Recently, NVIDIA revealed the Hopper H100 NVL GPU, which is made specifically for ChatGPT and includes 94 GB of HBM3 memory.
A dual-GPU NVLINK link with 94 GB of HBM3e memory on each chip is believed to be a feature of the NVIDIA Hopper GPU-powered H100 NVL PCIe graphics card. The GPU has the capacity to handle 175 billion ChatGPT parameters simultaneously. When compared to a conventional DGX A100 server with up to 8 GPUs, four of these GPUs in a single server may provide up to 10 times the performance increase.
Contrary to the H100 SXM5 configuration, the H100 PCIe provides reduced specs, with 114 of the 144 SMs on the GH100 GPU and 132 SMs on the H100 SXM GPU that are activated. The chip itself delivers 48 TFLOPs of FP64 computational capability, 3200 FP8, 1600 TF16, 800 FP32, and 1600 FP8. 456 Tensor & Texture Units are included as well.
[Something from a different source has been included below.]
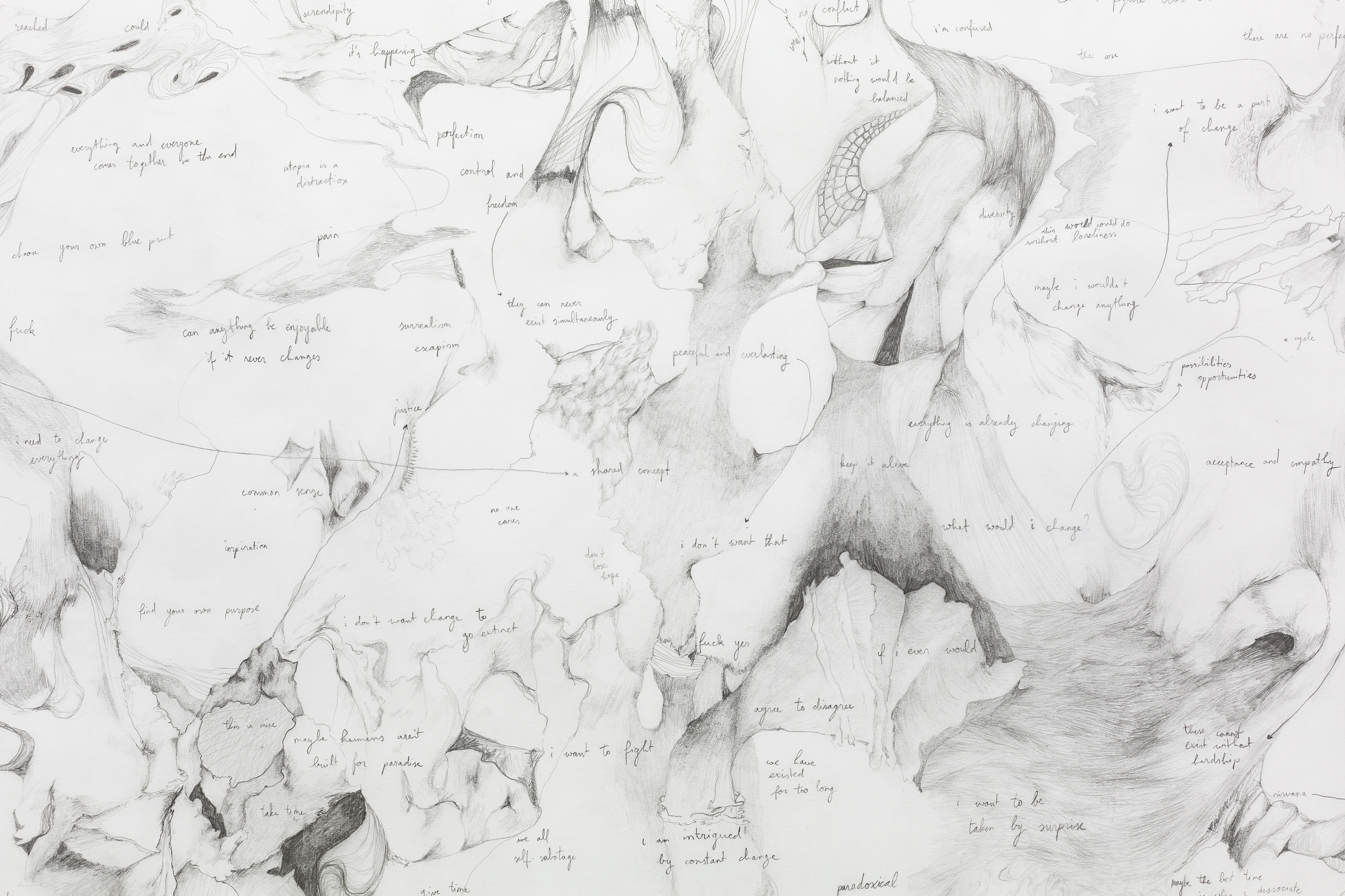 While deconstructing and reconstructing my own thoughts, I created a non-existent, subconscious world that allows you to ask questions and give them room to breathe and grow. These little pockets of wonderland take you away to a self-aware utopia that we can also find in common concepts such as activism, religion, diversity, personal growth and more.

The H100 PCIe should run at lower clock speeds due to its lower peak computing horsepower; as a result, it has a 350W TDP as opposed to the SXM5 variant’s twice that of 700W. However, the PCIe card will still include 80 GB of memory with a 5120-bit bus interface, although in the HBM2e variant (>2 TB/s bandwidth).
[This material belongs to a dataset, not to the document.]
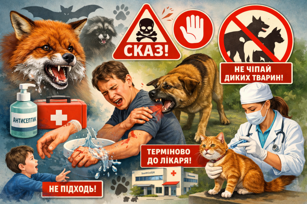 🔹 Укус тварини — найпоширеніший шлях зараження. Навіть невелика рана або подряпина може бути небезпечною.

The H100 is rated at 48 non-tensor FP32 TFLOPs whereas the MI210 has a peak FP32 compute power of 45.3 TFLOPs. The H100 is capable of generating up to 800 TFLOPs of FP32 horsepower using Tensor and Sparsity operations. In addition, the H100 has 80GB of memory capacity as opposed to the MI210’s 64 GB. It seems that NVIDIA is charging more for its superior AI/ML capabilities.